# New Denver Nuggets Slogan?



## Timmons

Hey everybody,

We've been saying Hello 'Melo for two seasons now. Our team has changed quite a bit w/ Coaching / Attitude / Style

Just wanting to know if we should get a new slogan going for the Page?

Please vote and if you vote yes then start throwing out some ideas, we can also vote on the Slogans after we get some popular ones going.

Anyone feel free to chime in, especially regular Nug posters! :biggrin:


----------



## cpawfan

Aiming a Mile High - I know it is cheesy
Mile High Fast Break


----------



## Kuskid

Absolutely for the change.

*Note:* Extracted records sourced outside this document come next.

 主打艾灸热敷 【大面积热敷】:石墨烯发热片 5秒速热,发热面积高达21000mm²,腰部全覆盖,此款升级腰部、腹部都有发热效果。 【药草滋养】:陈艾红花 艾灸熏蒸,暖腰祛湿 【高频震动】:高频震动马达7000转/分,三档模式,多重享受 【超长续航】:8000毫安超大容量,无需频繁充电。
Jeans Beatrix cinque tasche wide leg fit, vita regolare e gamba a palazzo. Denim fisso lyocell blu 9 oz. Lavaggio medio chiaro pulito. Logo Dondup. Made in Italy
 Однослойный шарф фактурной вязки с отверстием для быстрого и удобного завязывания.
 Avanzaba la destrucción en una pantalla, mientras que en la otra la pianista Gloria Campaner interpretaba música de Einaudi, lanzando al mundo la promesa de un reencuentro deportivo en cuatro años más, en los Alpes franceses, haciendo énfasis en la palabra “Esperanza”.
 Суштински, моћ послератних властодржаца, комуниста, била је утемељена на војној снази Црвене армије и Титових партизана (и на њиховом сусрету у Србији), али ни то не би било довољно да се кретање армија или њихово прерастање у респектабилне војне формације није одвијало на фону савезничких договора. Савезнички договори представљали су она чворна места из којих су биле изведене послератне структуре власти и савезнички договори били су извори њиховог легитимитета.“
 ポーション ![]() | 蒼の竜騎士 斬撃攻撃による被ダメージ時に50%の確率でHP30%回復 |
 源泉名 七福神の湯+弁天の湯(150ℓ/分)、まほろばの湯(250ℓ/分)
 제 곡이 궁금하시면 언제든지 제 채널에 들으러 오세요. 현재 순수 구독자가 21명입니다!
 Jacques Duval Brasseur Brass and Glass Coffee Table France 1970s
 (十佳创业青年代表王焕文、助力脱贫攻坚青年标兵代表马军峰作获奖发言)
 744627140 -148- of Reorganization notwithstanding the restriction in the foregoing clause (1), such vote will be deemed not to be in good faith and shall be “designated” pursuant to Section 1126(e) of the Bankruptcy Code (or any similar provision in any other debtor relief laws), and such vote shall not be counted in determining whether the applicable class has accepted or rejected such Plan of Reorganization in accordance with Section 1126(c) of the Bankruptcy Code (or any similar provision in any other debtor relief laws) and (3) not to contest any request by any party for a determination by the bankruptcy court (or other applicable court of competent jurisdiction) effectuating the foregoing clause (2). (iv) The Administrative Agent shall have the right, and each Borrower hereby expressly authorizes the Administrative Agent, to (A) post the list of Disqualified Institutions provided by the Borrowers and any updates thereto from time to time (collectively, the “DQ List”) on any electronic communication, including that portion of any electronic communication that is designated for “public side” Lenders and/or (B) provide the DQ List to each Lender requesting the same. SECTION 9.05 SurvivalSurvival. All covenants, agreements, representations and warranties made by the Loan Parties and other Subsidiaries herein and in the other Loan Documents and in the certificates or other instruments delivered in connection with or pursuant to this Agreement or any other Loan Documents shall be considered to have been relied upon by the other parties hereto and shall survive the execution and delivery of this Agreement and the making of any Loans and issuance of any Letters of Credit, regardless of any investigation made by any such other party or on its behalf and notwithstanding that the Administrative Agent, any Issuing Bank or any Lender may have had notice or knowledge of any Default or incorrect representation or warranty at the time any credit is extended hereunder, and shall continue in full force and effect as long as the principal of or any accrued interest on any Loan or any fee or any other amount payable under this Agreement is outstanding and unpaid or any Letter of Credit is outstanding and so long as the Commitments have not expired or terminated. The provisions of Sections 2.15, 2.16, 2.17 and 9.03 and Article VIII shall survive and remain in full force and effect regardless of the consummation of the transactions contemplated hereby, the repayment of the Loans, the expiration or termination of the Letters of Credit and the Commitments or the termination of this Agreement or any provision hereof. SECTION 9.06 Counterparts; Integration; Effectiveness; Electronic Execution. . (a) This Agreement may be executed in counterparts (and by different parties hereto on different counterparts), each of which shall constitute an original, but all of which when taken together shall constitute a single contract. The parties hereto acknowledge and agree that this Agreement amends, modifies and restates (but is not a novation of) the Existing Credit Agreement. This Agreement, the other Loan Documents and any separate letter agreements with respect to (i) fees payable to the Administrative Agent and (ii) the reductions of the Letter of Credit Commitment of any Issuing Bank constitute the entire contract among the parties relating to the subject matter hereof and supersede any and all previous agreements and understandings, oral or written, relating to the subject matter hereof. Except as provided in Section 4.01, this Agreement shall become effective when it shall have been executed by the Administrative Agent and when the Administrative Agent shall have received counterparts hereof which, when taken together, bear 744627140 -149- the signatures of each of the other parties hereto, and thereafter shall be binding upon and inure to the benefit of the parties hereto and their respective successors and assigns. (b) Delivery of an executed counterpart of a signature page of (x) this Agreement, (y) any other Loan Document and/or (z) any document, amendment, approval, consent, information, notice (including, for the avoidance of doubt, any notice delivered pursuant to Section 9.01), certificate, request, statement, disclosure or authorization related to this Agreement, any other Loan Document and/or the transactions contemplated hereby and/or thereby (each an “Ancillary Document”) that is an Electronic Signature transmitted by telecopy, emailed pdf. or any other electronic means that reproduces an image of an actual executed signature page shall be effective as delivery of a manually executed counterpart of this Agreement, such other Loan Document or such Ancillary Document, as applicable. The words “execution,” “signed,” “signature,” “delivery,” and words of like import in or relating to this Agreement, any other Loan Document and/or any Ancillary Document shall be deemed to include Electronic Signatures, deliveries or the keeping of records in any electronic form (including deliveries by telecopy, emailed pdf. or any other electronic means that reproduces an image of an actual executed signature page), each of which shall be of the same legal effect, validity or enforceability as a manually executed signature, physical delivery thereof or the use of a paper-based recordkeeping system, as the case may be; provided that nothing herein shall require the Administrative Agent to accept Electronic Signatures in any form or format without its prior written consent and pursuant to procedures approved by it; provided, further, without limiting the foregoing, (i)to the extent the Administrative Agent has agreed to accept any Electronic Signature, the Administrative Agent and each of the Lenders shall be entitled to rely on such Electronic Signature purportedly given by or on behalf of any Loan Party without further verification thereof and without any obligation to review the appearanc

I'm just not clever enough to come up with one. :sigh: I like the Mile High Fast Break though, cpaw. I'll post again when I come up with something.


----------



## Timmons

CPaw,

I like *Mile High Fast Break* 

That will be in the Slogan Vote!


How about:

Powder-Blue Light Special (?)

Mining for a title

I'll try to post more, but need serious help!!!!!!!!!!!!!! :biggrin:


----------



## UD40

I'm not a Nugs fan but what about.....

"Blue Light Special" ugh, I know, it sucks
or
"Attention K-Mart shoppers...."


----------



## DHarris34Phan

Earl Boykins is a baller.


----------



## Timmons

*Come on now! I know there are some creative people around here!* :biggrin:


----------



## Snicka

Suck on these Nuggets?


----------



## Ron Mexico

"the best outside of texas"


----------



## Tom

Role Player Central

4 men and a baby.

Rocky Mountain Highlight.

We can run, but you can't hide.


----------



## Timmons

Inspired by the lack of 2 guard:
*Anthony, Camby, Miller, Martin & Co.*

*A Mile High Above the Rim*


----------